He is quiet and most of the time he wears a friendly smile on his face, but don’t let that fool you. On the court, he has the killer instinct of a lion. Carlito has proven himself to be one of the top players in the game today, with a vast arsenal of shots at his disposal. He can play a mean game of both small and big blue paddleball, as well as racquetball. When his game is “on,” he is a BEAST, hitting winners from any angle within the playing area of the court – “Carlito’s Way!”

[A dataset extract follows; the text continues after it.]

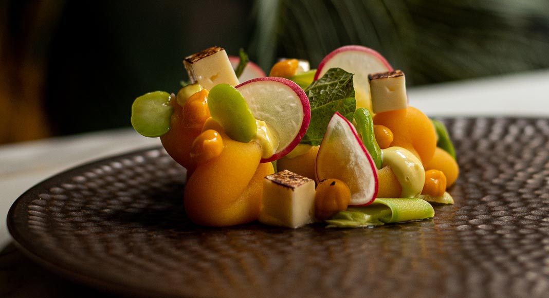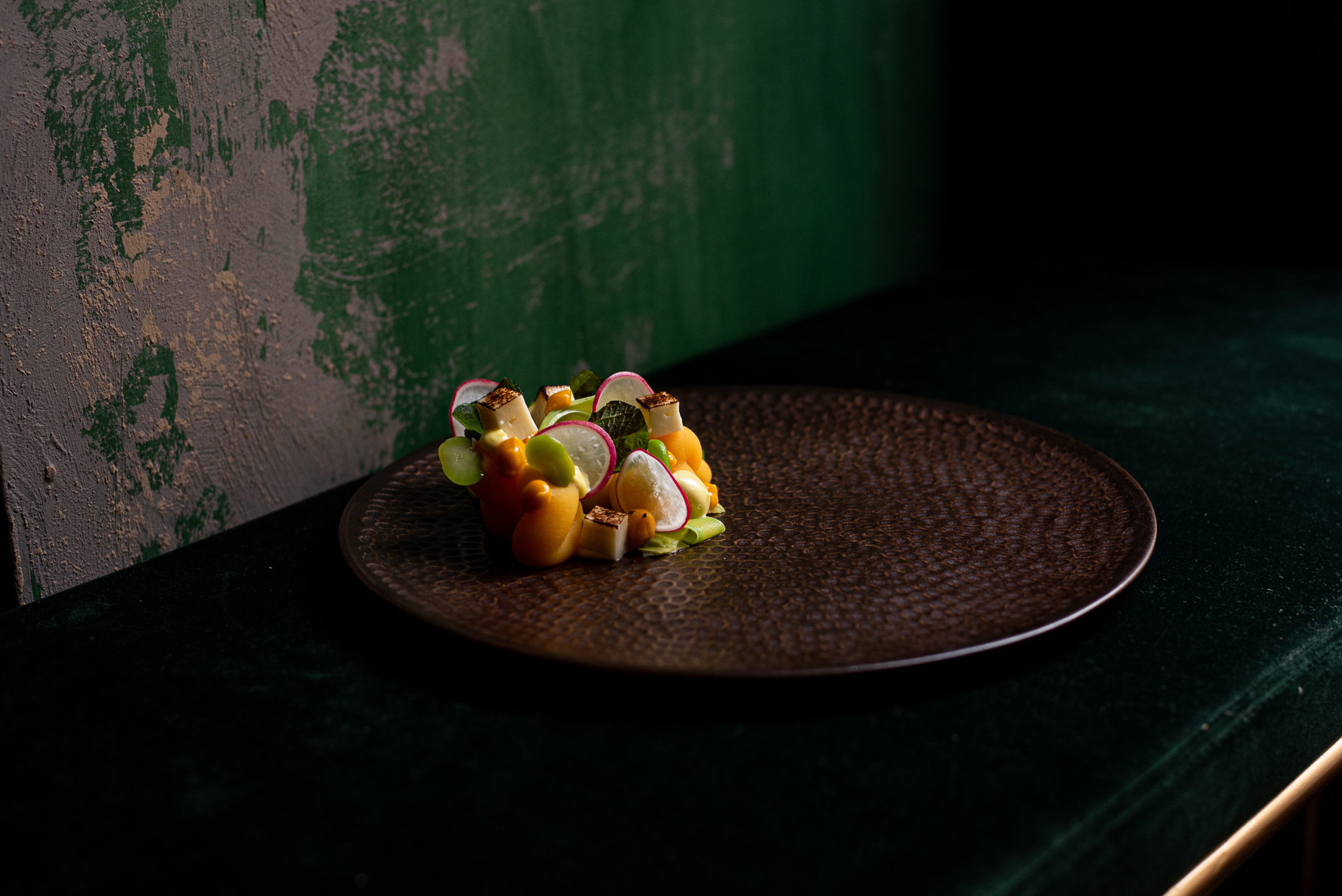 Sbollentare le patate in acqua salata. Sbucciare e passare al setaccio da calde. Lasciare raffreddare. Aggiungere la pasta di aji amarillo, il succo di yuzu, il sale e l’olio evo q.b. Impastare. Lasciare raffreddare in frigo per due ore. Nel frattempo, tagliare a lamelle per lungo le zucchine Trombetta. Sbianchire in acqua salata. Scolare e mettere subito in acqua e ghiaccio. Sbucciare le fave. Sbianchirle. Metterle in acqua e ghiaccio. Pelarle. Tagliare i ravanelli e metterli in acqua e ghiaccio, per far sì che diventino croccanti. Con un minipimer, frullare i tuorli, l’aceto di vino bianco e il sale. Aggiungere la pasta di wasabi e, a filo, l’olio di girasole. Riservare da parte. Sbucciare e setacciare la lucuma. Montare con olio e acqua q.b., per ottenere una simil-maionese. Tagliare il formaggio a cubetti. Condire le lamelle di zucchine con olio e sale Maldon. Impilare. Fare piccoli vortici di sac à poche con l’impasto di aji amarillo. Aggiungere le fave, i ravanelli, i cubi di primo sale bruciati al cannello e le due maionesi di wasabi e lucuma. Condire con sale Maldon e foglie di shiso rosso.

Carlos Espinal was born in Brooklyn and has been playing paddleball since the age of eight. He started at the “6’s” park (also known as Bush Park) in Queens. His brother Ralph was his biggest influence and is the reason he started playing. Early on, Carlito frequently went to the park to watch his brother play and he quickly developed a love for paddleball. He watched many great players from whom he learned the game, including Gary Evans, Milton Pérez, José Guadalupe and Richie Miller. Later on, he gained much knowledge from Anthony Fiorino, Sammy Cesario, Robert Sostre, Donnie Ciaffone, Ramon “Papo” Padilla and lefty Ralph Badillo. But his brother, Ralph, who was a solid player himself, was always his paddleball role model. Eventually paddleball at the 6’s park ended and he and his friends moved on to Flushing Meadows, which became his home park. By the time he was fourteen, his game was strong enough to compete with the top players at Flushing, including Farley Figueroa, Miguel Mateo, Kevin Rolon and Godfrey Brown. At approximately age eighteen, another passion took over his sports life. He had become involved in playing baseball and softball, which conflicted with his weekend paddleball time, and his interest in paddleball waned.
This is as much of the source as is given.